Maybe it’s because Taylor has a clever knack of making her dramas seem like theirs. No, they don’t know what it’s like to be blindsided at the VMA’s by Kanye West. But they have had an embarrassing moment at school that felt just as crushing. No, they haven’t wound up in a public feud with former pal Katy Perry, but they do know what it’s like to be disappointed by a friend. No, they haven’t, as a result of relentless media harassment and constant character assassinations, had to spend a year incognito. But at some point they’ve all wanted to hide away when the world gets too much. We all get that one.
But here’s the part that is so upsetting right now for her loyal supporters. When all that chaos was playing out, and she had to retreat from the circus and rebuild herself, she had Joe by her side. We know this because she told everyone through the lyrics of her last four albums. And while so many of her previous relationships were a free-for-all of public scrutiny, this one was private and personal and seemingly… normal. Just a couple of hugely wealthy megastars going quietly about their lives like the rest of us plebs. And everyone loved that for her.
But now, the demise of this relationship can’t be blamed on the press or external forces making it impossible for a humble 40-time chart topper to have a successful private life. No, this one’s come a cropper because of the protagonists themselves.
And what does this mean for Taylor’s ability to have a meaningful partnership?
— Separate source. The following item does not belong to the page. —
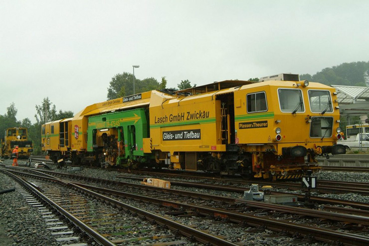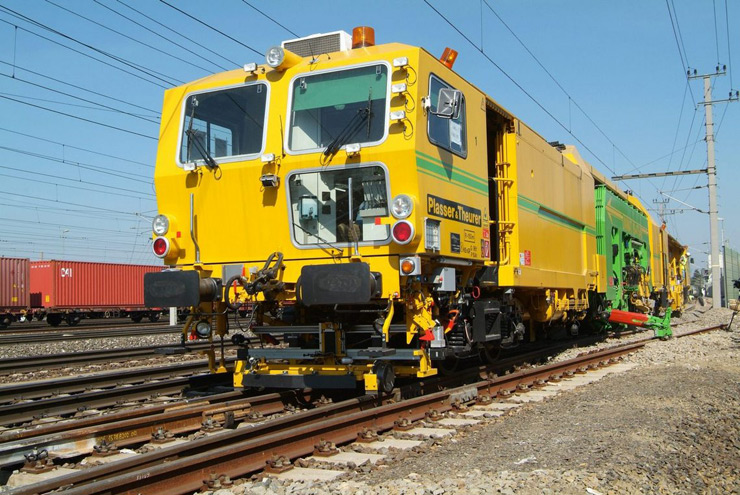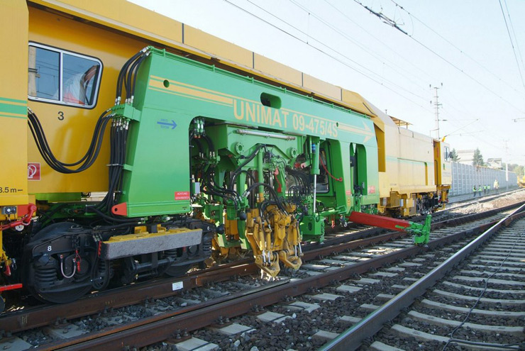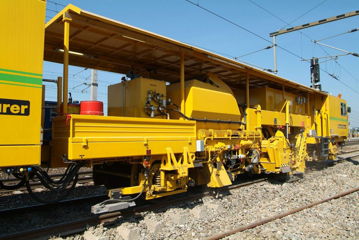 Bateadora, niveladora y alineadora de trabajo continuo de una traviesa para línea y cambios con levante de 3 hilos y bateo de 4 hilos

I mean let’s not get ahead of ourselves, at 33 the woman’s still got her whole life ahead of her. But she also has a hell of a hectic schedule and an existence that, we’re now sharply reminded, isn’t remotely normal in any way shape or form. What are the odds of being able to hold it down on the home front with all that stuff going on? If she does want to find a partnership that works, perhaps she needs to take a leaf out of Dolly or Oprah’s book and find a nice quiet fella of few words who is happy to stay home and do some work around the mansion while she captivates global audiences. Historically, these types have proved difficult to come by.
Or maybe Taylor will now model a different path to her young fans. Maybe she’ll demonstrate that actually being in a long-term monogamous relationship is not a prerequisite for a rich, rewarding and satisfying life. She’s already shown that she can rise from adversity with a new narrative that only makes her fans feel more connected. Surely that’s what we’ll see next. And though most of us will never know what it’s like to break up with our boyfriend and then go out and perform to 60,000 people that same night. We’ll still somehow feel that she’s just like us.